Jabberwocky
Frumious Bandersnatch
this is completely false- i consider it bad science to publish computational results without accompanying experimental validation. i came from theroretical physics (but actually computer science, long story) where they are really antsy about it, though in that case analytical proof is also expected, because of a number of high profile retractions over the years. i don't trust computational results without complementary evidence and its why i'm wary of your claims about this weird phylogeny- phylogeny is well known to be dodgy. i have never published without experimental verification of my results, the role of computing in my view is to reduce the burden on experimentalists, i can point them in the right direction and together we achieve results that would be impossible without computational input.As I said earlier in science it is a good idea to take nothing at face value and take no-ones' word, Nullis in verba.
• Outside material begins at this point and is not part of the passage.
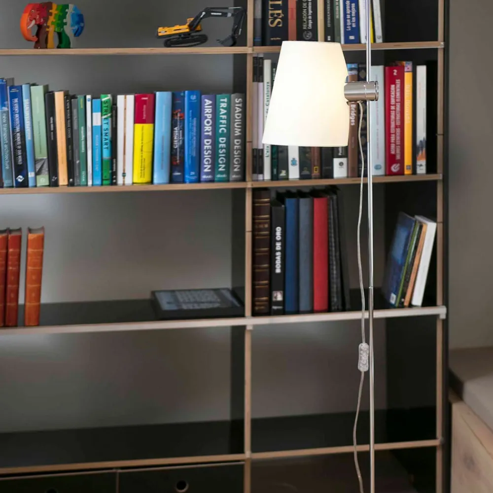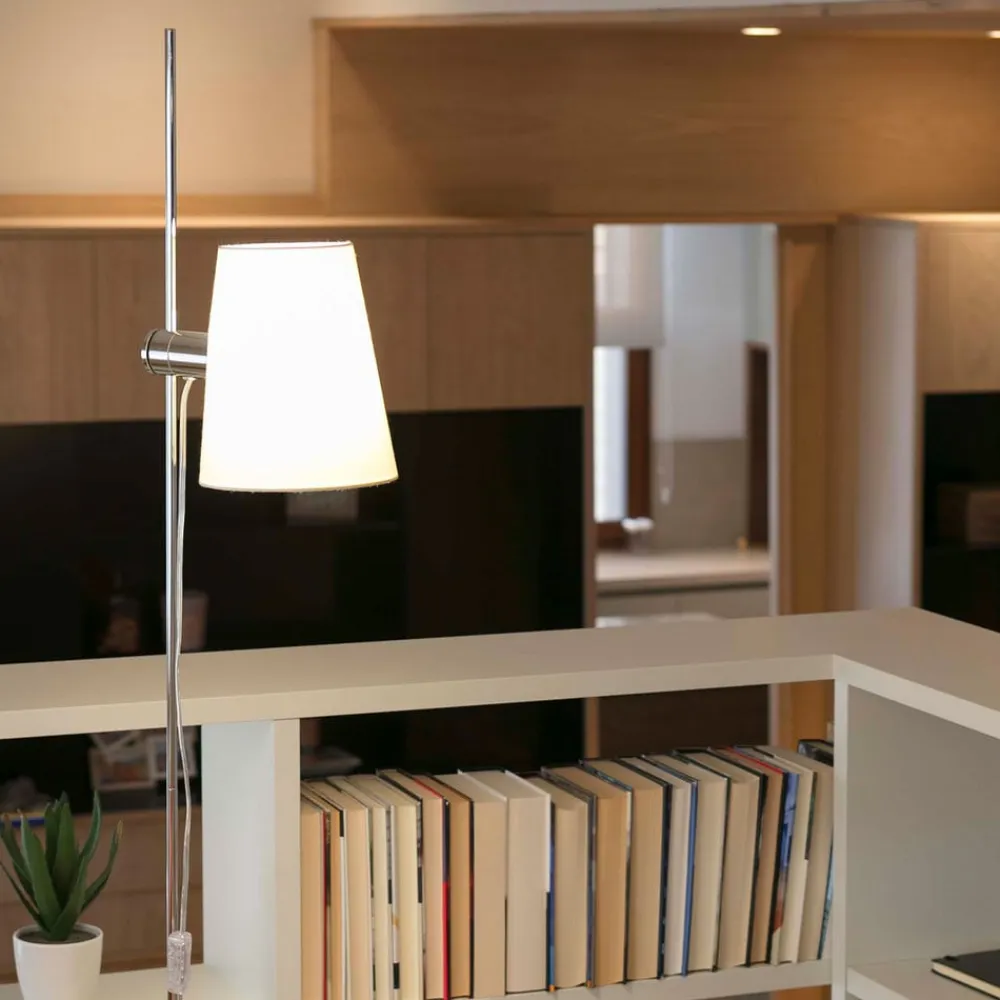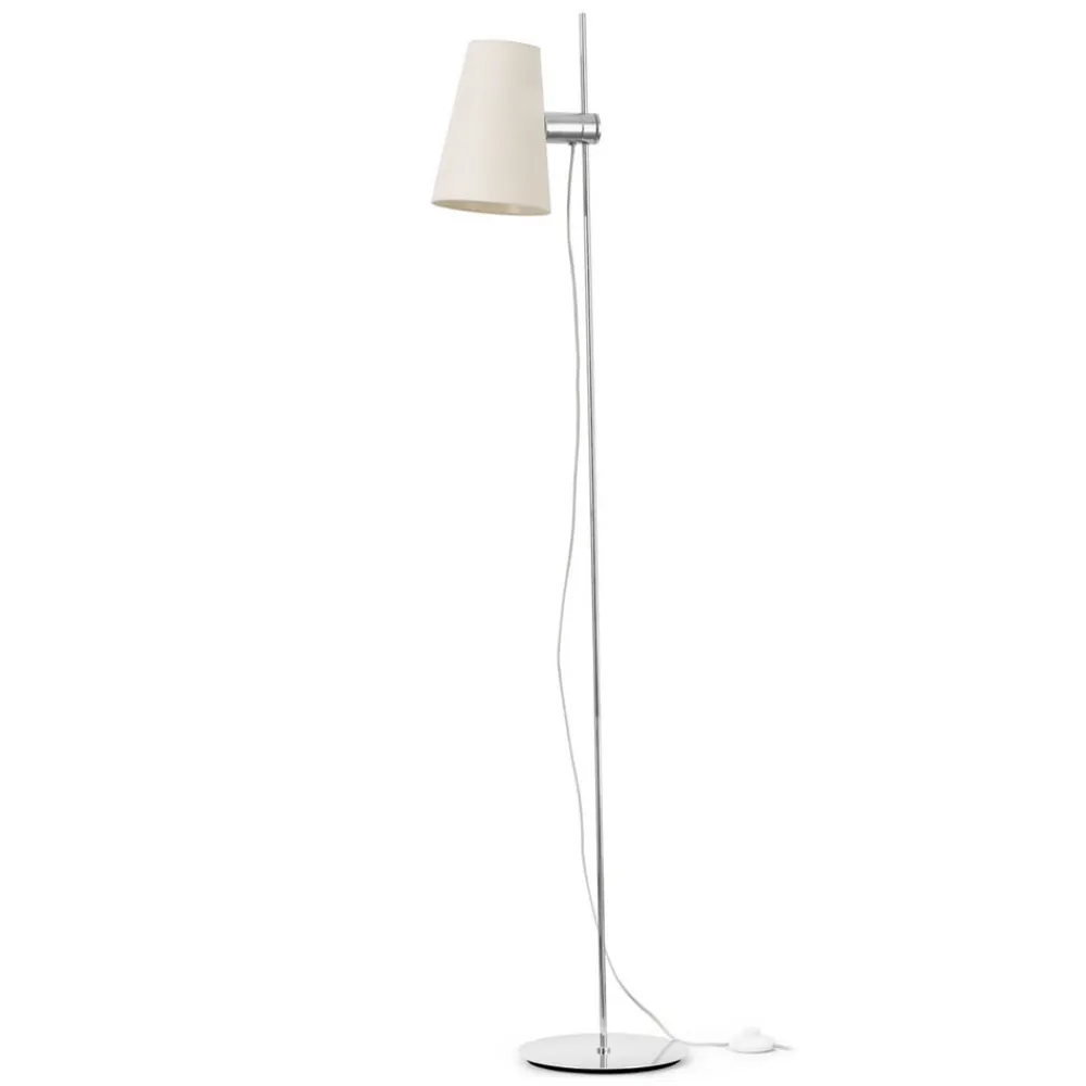 Designet er ret reserveret og klassisk. Lampeskærmen med E27- fatning er fastgjort til en lige, skinnende krommetalstang. Dette kan nu let justeres langs stangen og gør det således muligt at indstille lyskilden i forskellige højder. Uanset om lyset kræves en smule lavere for at læse i en lænestol eller højere for baggrundsbelysningen i en stue, kan dette ændres når som helst med den innovative teknologi uden stor indsats. Den bløde lyseffekt skabt af den beige tekstilskygge skaber en behagelig atmosfære. Stilfuldt, elegant og alligevel meget moderne.

Ideas stand or fall on the evidence, which is why I tend to be leery of the bio-proteomics-metabolomics-omics informatics revolution. on the whole it falls short of meeting the threshold for reproducible, repeatable, testable science. The most interesting feature of nu-science is the lack of supporting evidence, the lack of critical peer review and lack of engagement with people asking difficult questions like so..? and...? why..? response is Computer says yes. Model says yes. That is why I asked for your comment on the sequencing field where you are comfortable.
the results of this collaboration between bio and computer scientists speak for themselves, but i do agree as i said in a previous post, a lot of dodgy shit is done. unfortunately, this is because a lot of biologists who lack even basic mathematical skills, let alone complexity theory, think they can design and implement algorithms themselves, with no formal engineering tuition or experience. obviously i will defend my own profession but the things i've seen in code bases since moving to biosciences makes my skin crawl. thankfully people are wising up to it and people such as myself are able to find gainful and interesting employment as a result.
back to the sequencing:
I don't think using R is significant per se, R is commonly used all over the place because of the bundled stats and graphing features. Yes it would be more computationally efficient not to use R but the end rsult should be the same. What I am more interested in is your comment about how the sequencing was performed, from what I can determine it could be done using many different methods as CoG use rapid sequencing and many flavors of techniques in different labs, the CoG statement looks like hand waving.
My understanding is the depth of the sequence overlap and the reliability of the technique is key yet so far these data are not obviously public. Remember the variant was sequenced in early October from the MK sample, so at least 60 days ago. I am much more interested in how robust this all is, sequencing and tracking lineages has the potential to give useful information but knowing how fuzzy the info is would be very useful, no point knowing anything without knowing the error.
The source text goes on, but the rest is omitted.